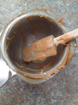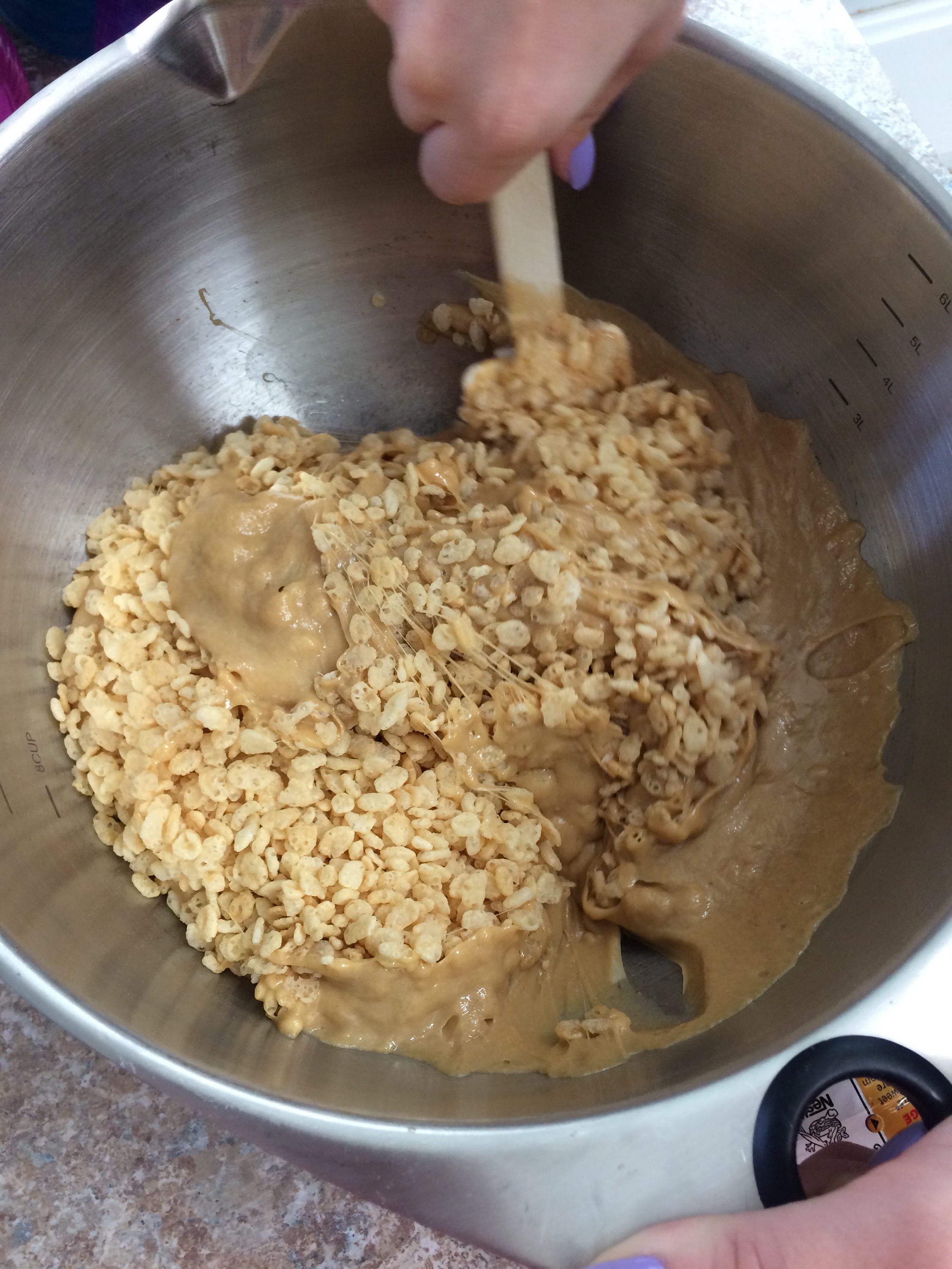 Once it was all melted I poured it on top of the cereal and stirred it all up. It was actually easier to stir than normal because of all that peanut butter.
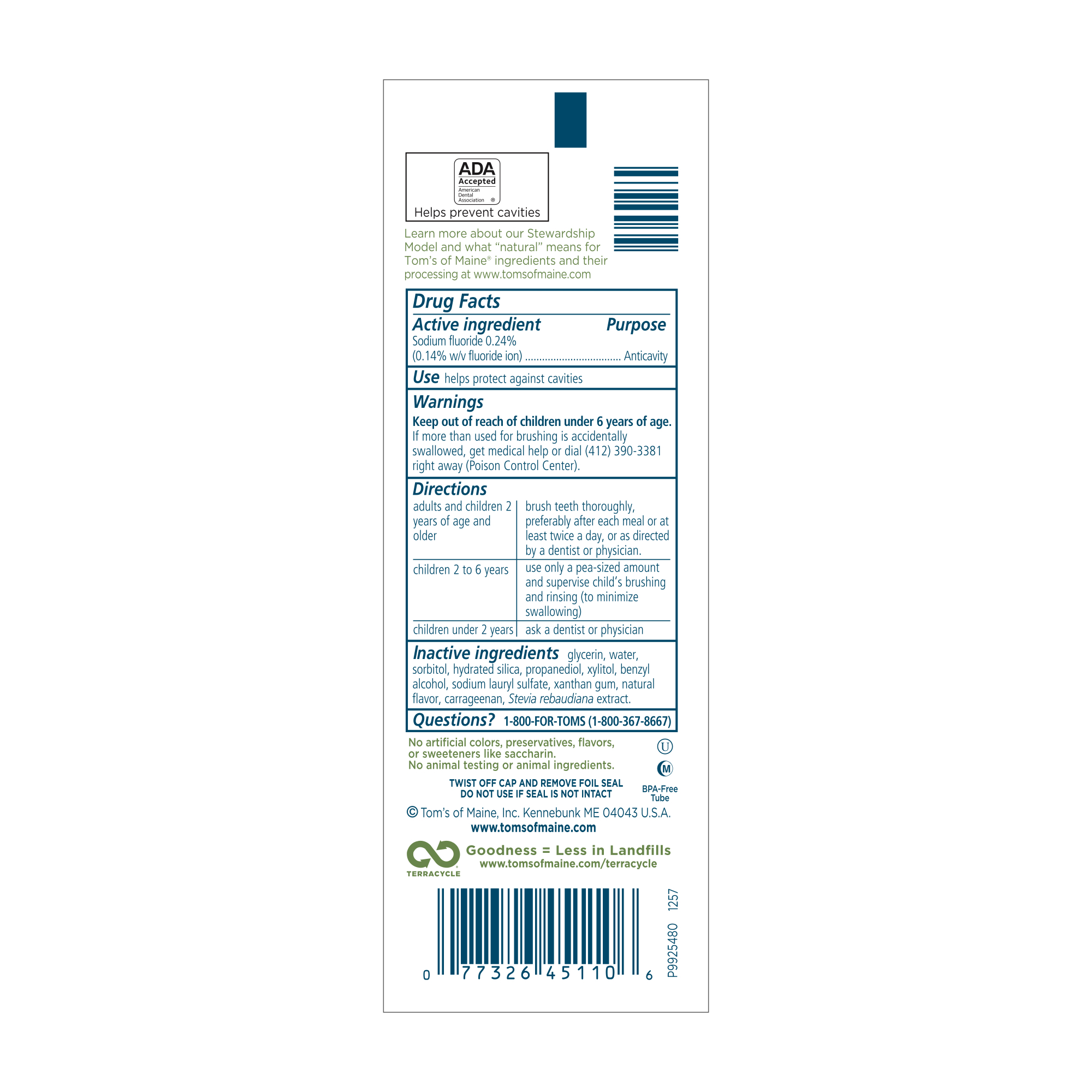 SKU US04175A Consumer Unit - GTIN 00077326451106 Case - GTIN 10077326451103 Product Category Oral Care Product Sub Category Toothpaste Product Equity (Brand) Tom's of Maine Product Sub Brand Tom's Kids TP Product Title Tom's of Maine Children's Fluoride Anticavity Gel, Kids Toothpaste, Natural Toothpaste, Fruitilicious, 4.2 Ounce, 6-Pack Active Ingredients Sodium fluoride 0.24% (0.14% w / v fluoride ion)
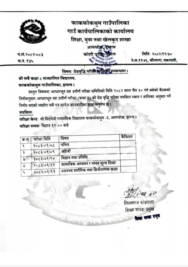 गाउँपालिका स्तरीय कक्षा ८ को नतिजा प्रकाशन गरिएको सम्बन्धी सूचना !!!

(Requirement)
In the copy you return, include exactly the lines from the one containing "SKU US04175A Consumer" through the final line of the listing, and no pictures.

(Task response)
 SKU US04175A Consumer Unit - GTIN 00077326451106 Case - GTIN 10077326451103 Product Category Oral Care Product Sub Category Toothpaste Product Equity (Brand) Tom's of Maine Product Sub Brand Tom's Kids TP Product Title Tom's of Maine Children's Fluoride Anticavity Gel, Kids Toothpaste, Natural Toothpaste, Fruitilicious, 4.2 Ounce, 6-Pack Active Ingredients Sodium fluoride 0.24% (0.14% w / v fluoride ion)
 गाउँपालिका स्तरीय कक्षा ८ को नतिजा प्रकाशन गरिएको सम्बन्धी सूचना !!!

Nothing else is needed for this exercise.